» EXERCISE DESCRIPTION
Leave the pictures out and repeat the rest of the data below exactly.

DATA EXCERPT Block Start

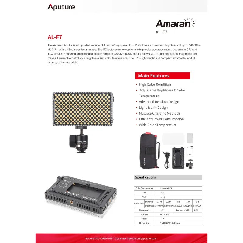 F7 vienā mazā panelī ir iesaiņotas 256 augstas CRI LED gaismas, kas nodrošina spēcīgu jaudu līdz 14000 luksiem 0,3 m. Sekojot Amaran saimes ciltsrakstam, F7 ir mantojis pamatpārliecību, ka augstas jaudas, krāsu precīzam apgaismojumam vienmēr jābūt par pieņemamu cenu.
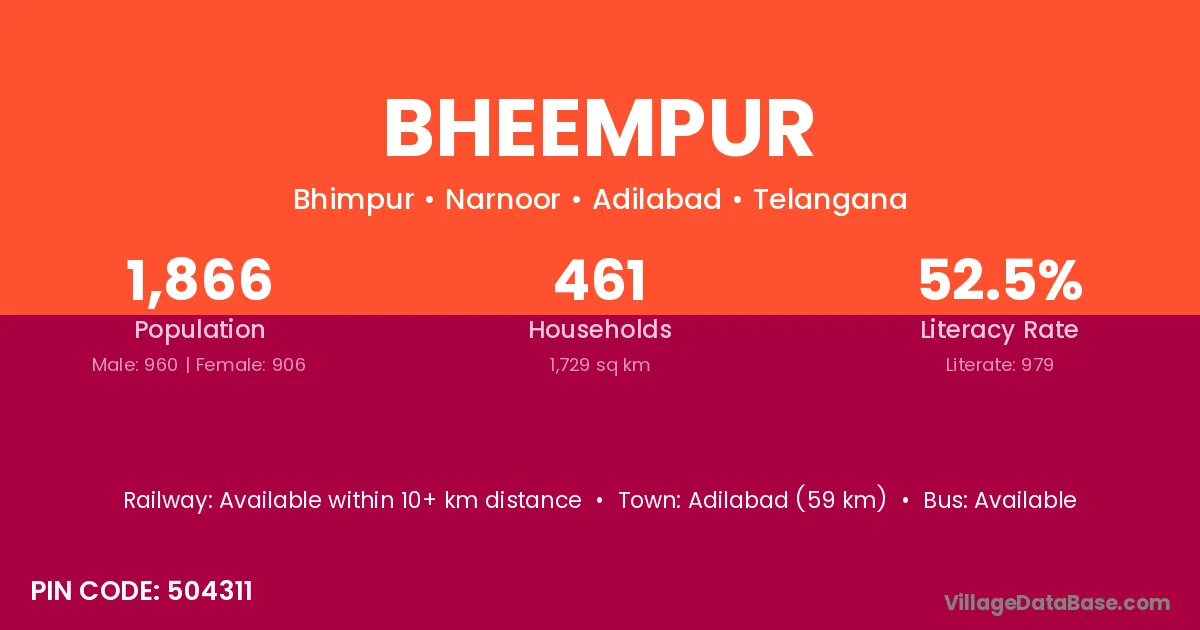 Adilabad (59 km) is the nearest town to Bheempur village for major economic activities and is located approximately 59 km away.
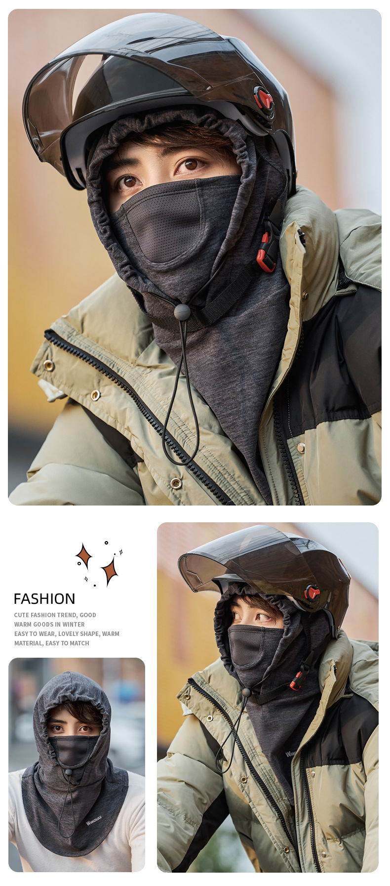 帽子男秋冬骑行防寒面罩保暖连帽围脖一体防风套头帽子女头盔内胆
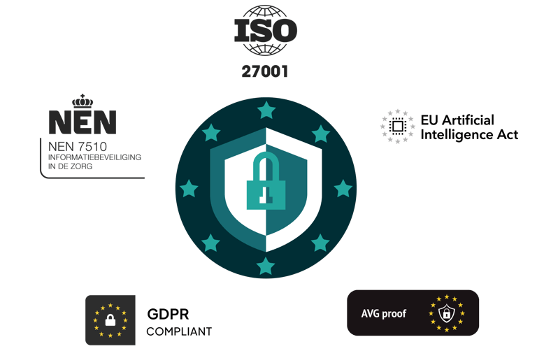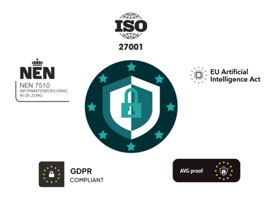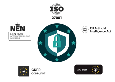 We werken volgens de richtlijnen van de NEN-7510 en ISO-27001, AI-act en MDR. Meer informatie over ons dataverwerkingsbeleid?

DATA EXCERPT Block End

» ANSWER FOR THIS EXERCISE
 F7 vienā mazā panelī ir iesaiņotas 256 augstas CRI LED gaismas, kas nodrošina spēcīgu jaudu līdz 14000 luksiem 0,3 m. Sekojot Amaran saimes ciltsrakstam, F7 ir mantojis pamatpārliecību, ka augstas jaudas, krāsu precīzam apgaismojumam vienmēr jābūt par pieņemamu cenu.
 Adilabad (59 km) is the nearest town to Bheempur village for major economic activities and is located approximately 59 km away.
 帽子男秋冬骑行防寒面罩保暖连帽围脖一体防风套头帽子女头盔内胆
 We werken volgens de richtlijnen van de NEN-7510 en ISO-27001, AI-act en MDR. Meer informatie over ons dataverwerkingsbeleid?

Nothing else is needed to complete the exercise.